**Requirement:** Beneath this line are entries. Copy the range from the line with "Entro Lace Up" to the line with "where ECpos gives", ends included, exactly; leave pictures out.

(Stored data entries)
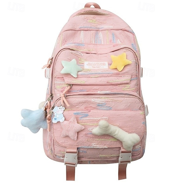 Zaino kawaii per bambine e adolescenti – zaino scolastico rosso con ciondoli a forma di stella e osso in 3D per l'uso quotidiano e i viaggi
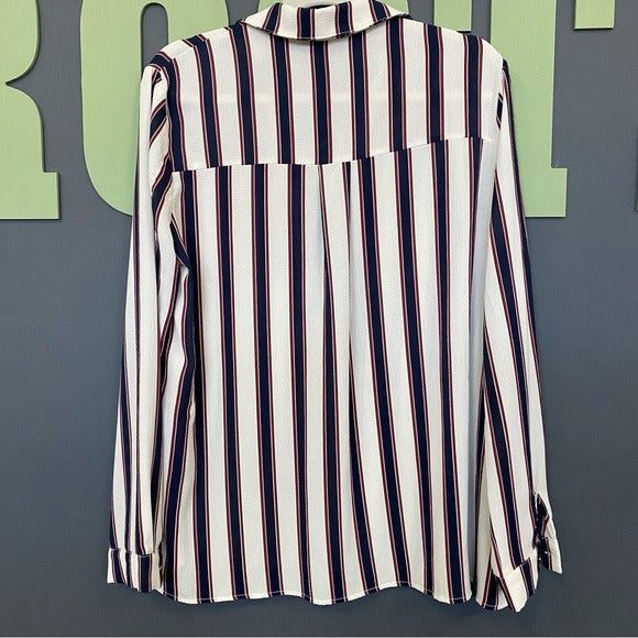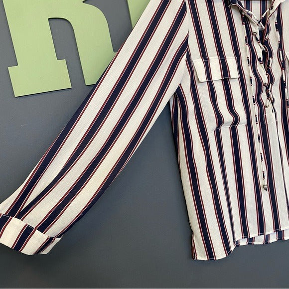 Entro Lace Up Front White V-Neck Collared Blouse Large
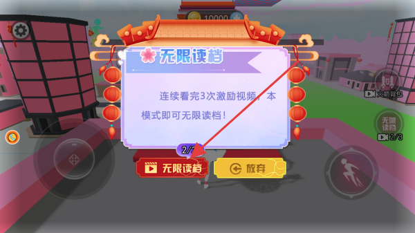 2、游戏过程中,看到无限读档提示,可选择连续看完3次激励视频获取无限读档功能,降低游戏失败成本。
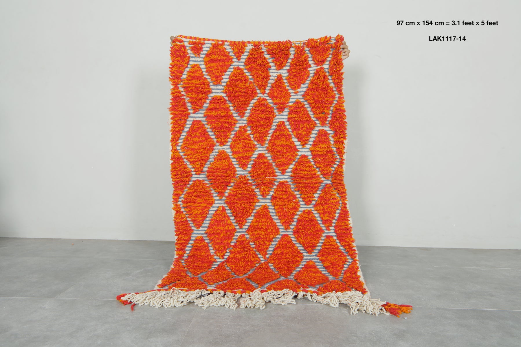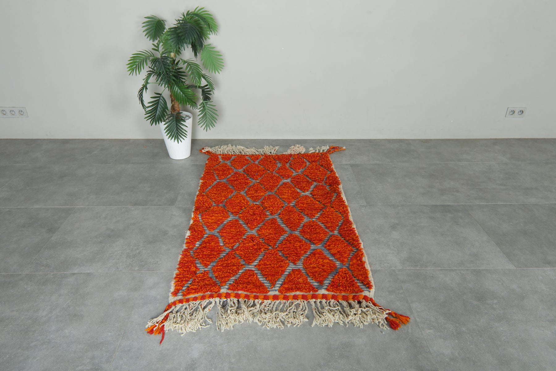 Orange Moroccan rug with geometric diamond design - 3.1 ft x 5 ft
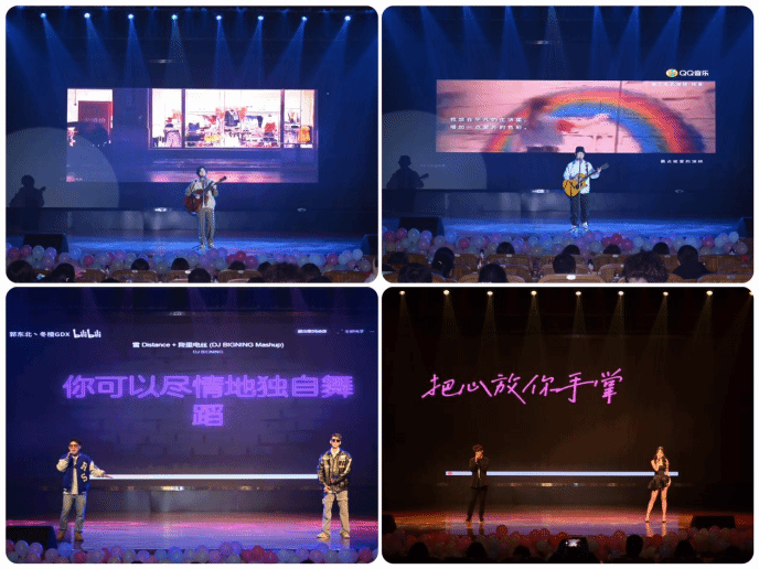 本场晚会精彩纷呈,涵盖了歌舞表演、话剧、相声、朗诵、器乐弹唱等多种艺术表演形式,经过了数月的准备,为全场观众带来了一场视听盛宴。少数民族员工惹只么鲁作等表演的舞蹈《what is love》&《Queencard》以欢快的节拍和动感的舞步点燃全场,正式拉开晚会序幕。仲梓玮、何禹婷同学带来男女合唱《危险派对》充满朝气与活力。B中文233班同学用轻快诙谐的曲风和独特的演绎形式展现的舞台剧《达拉崩吧》引起在场阵阵欢笑。夏沁同学的拉丁舞《Samba》热情奔放。陆澄等同学带来的配音秀《哪吒之魔童降世》和《长安三万里》以多变的声线演绎经典国产动画情节,给观众们带来一场听觉盛宴。麦尔旦、严裕博同学的说唱歌曲《雪Distance》和《隆里电丝》点燃了全场观众的热情,将晚会推向高潮。秋雨社演绎的话剧《坚守》,以古今对话的方式带领大家深入感悟李大钊、焦裕禄、黄大年等共产党员至死不渝的爱国情怀与崇高的理想信念。廖启翰、邢濠同学的歌曲串烧《谁》、《成都》、《爱的回归线》深情动人,高铭、李慕蓉同学的相声《咱们俩》引得现场笑声不断。邱子涵、陈翊彤同学的古筝舞蹈《高山流水》带大家进入到高山流水觅知音的意境之中。朱元璋等同学朗诵的《以梦为马》以饱满的激情抒发了青年学子对祖国的赤子之情。23级中文班同学们合唱的《倔强》将青年员工拼搏向上、追逐梦想的精神面貌展现得酣畅淋漓。
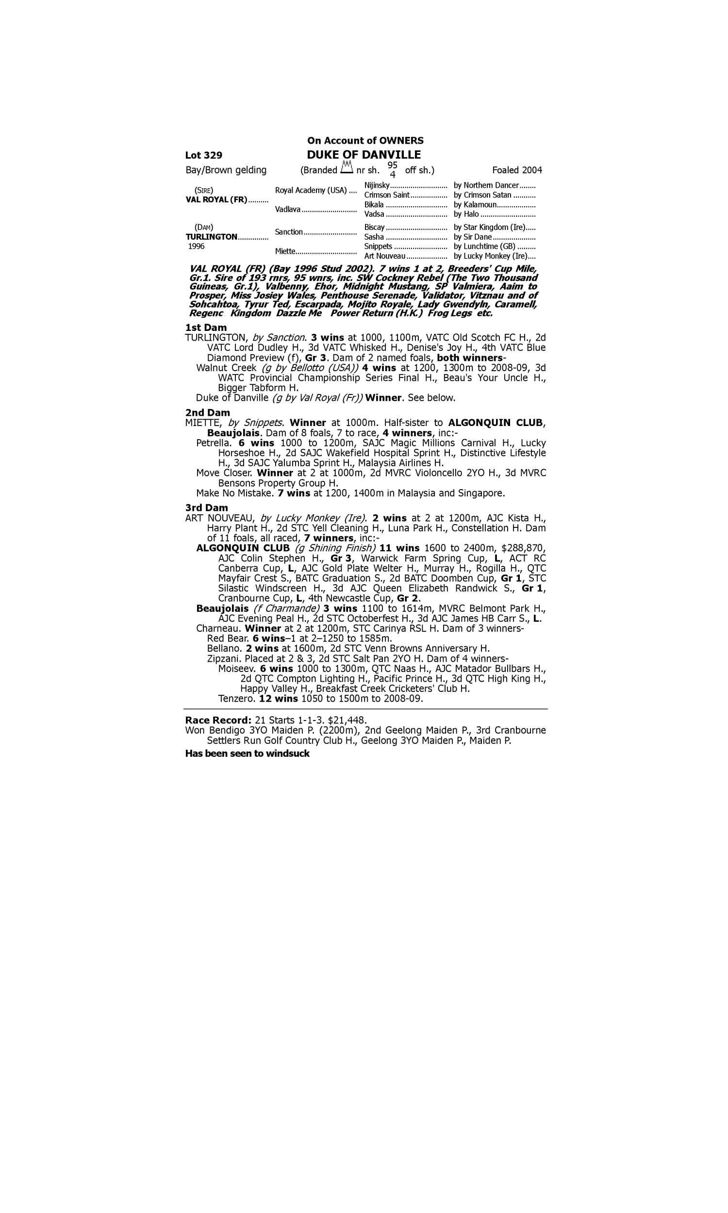 Beau Desert (2005.g. by Bel Esprit-Desert Strike, by Straight Strike-Desert Love). 1st Echuca RC Two Tarts Juice Bar H. Uvinza (2006.f. by Bertolini-Baddi Heights, by Shirley Heights-Baddi Baddi). 3rd Newmarket Aphrodite S. L Berathan (2006.c. by Unaccounted For-Iclal, by Prince of Birds-Misty Point). 1st Istanbul Sedat Ozcan
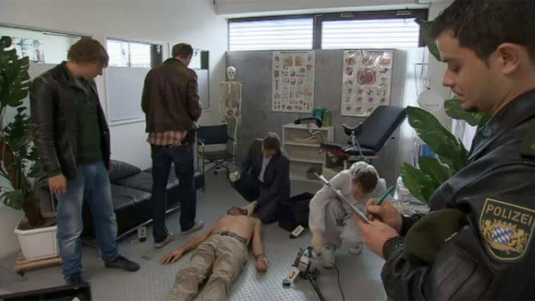 Eine Porno-Darstellerin findet die Leiche des Porno-Produzenten Peter.
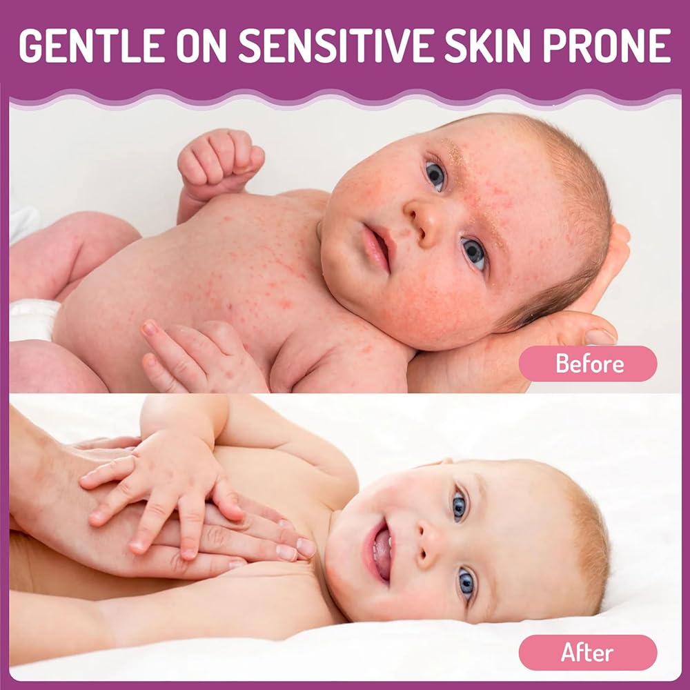 تركيبة طبيعية وآمنة للرضع: مصنوعة من مكونات طبيعية لطيفة، تم تطويرها حصريًا لبشرة الرضع. لا يسبب الحساسية، آمن للاستخدام اليومي على بشرة الطفل الحساسة.
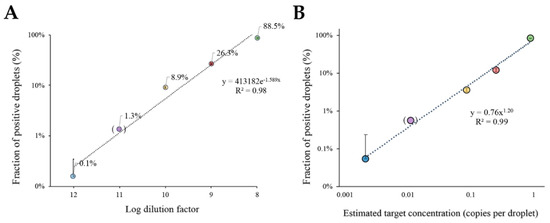 where ECpos gives the fraction of positive droplets corrected to Poisson’s statistics; Nneg is the number of negative droplets; N the total number of droplets; and Pr(0) is the Poisson’s probability of a droplet containing zero target molecules for each target concentration (see Figure D1).
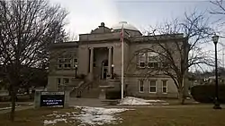The library building is a fine example of the Neo-Classical style.[3] The two-story building rests on a raised basement and is topped by a shallow Roman style dome. It features a symmetrical façade and a projecting portico. The exterior walls are covered in grey Bedford stone that is cut into smooth ashlar blocks. Larger blocks, or quoins, are featured on the corners of the building. The original main doors were replaced c. 1950, but the original iron scrollwork remains in the transom area.[4]

**Reply to the task:**
 Entro Lace Up Front White V-Neck Collared Blouse Large
 2、游戏过程中,看到无限读档提示,可选择连续看完3次激励视频获取无限读档功能,降低游戏失败成本。
 Orange Moroccan rug with geometric diamond design - 3.1 ft x 5 ft
 本场晚会精彩纷呈,涵盖了歌舞表演、话剧、相声、朗诵、器乐弹唱等多种艺术表演形式,经过了数月的准备,为全场观众带来了一场视听盛宴。少数民族员工惹只么鲁作等表演的舞蹈《what is love》&《Queencard》以欢快的节拍和动感的舞步点燃全场,正式拉开晚会序幕。仲梓玮、何禹婷同学带来男女合唱《危险派对》充满朝气与活力。B中文233班同学用轻快诙谐的曲风和独特的演绎形式展现的舞台剧《达拉崩吧》引起在场阵阵欢笑。夏沁同学的拉丁舞《Samba》热情奔放。陆澄等同学带来的配音秀《哪吒之魔童降世》和《长安三万里》以多变的声线演绎经典国产动画情节,给观众们带来一场听觉盛宴。麦尔旦、严裕博同学的说唱歌曲《雪Distance》和《隆里电丝》点燃了全场观众的热情,将晚会推向高潮。秋雨社演绎的话剧《坚守》,以古今对话的方式带领大家深入感悟李大钊、焦裕禄、黄大年等共产党员至死不渝的爱国情怀与崇高的理想信念。廖启翰、邢濠同学的歌曲串烧《谁》、《成都》、《爱的回归线》深情动人,高铭、李慕蓉同学的相声《咱们俩》引得现场笑声不断。邱子涵、陈翊彤同学的古筝舞蹈《高山流水》带大家进入到高山流水觅知音的意境之中。朱元璋等同学朗诵的《以梦为马》以饱满的激情抒发了青年学子对祖国的赤子之情。23级中文班同学们合唱的《倔强》将青年员工拼搏向上、追逐梦想的精神面貌展现得酣畅淋漓。
 Beau Desert (2005.g. by Bel Esprit-Desert Strike, by Straight Strike-Desert Love). 1st Echuca RC Two Tarts Juice Bar H. Uvinza (2006.f. by Bertolini-Baddi Heights, by Shirley Heights-Baddi Baddi). 3rd Newmarket Aphrodite S. L Berathan (2006.c. by Unaccounted For-Iclal, by Prince of Birds-Misty Point). 1st Istanbul Sedat Ozcan
 Eine Porno-Darstellerin findet die Leiche des Porno-Produzenten Peter.
 تركيبة طبيعية وآمنة للرضع: مصنوعة من مكونات طبيعية لطيفة، تم تطويرها حصريًا لبشرة الرضع. لا يسبب الحساسية، آمن للاستخدام اليومي على بشرة الطفل الحساسة.
 where ECpos gives the fraction of positive droplets corrected to Poisson’s statistics; Nneg is the number of negative droplets; N the total number of droplets; and Pr(0) is the Poisson’s probability of a droplet containing zero target molecules for each target concentration (see Figure D1).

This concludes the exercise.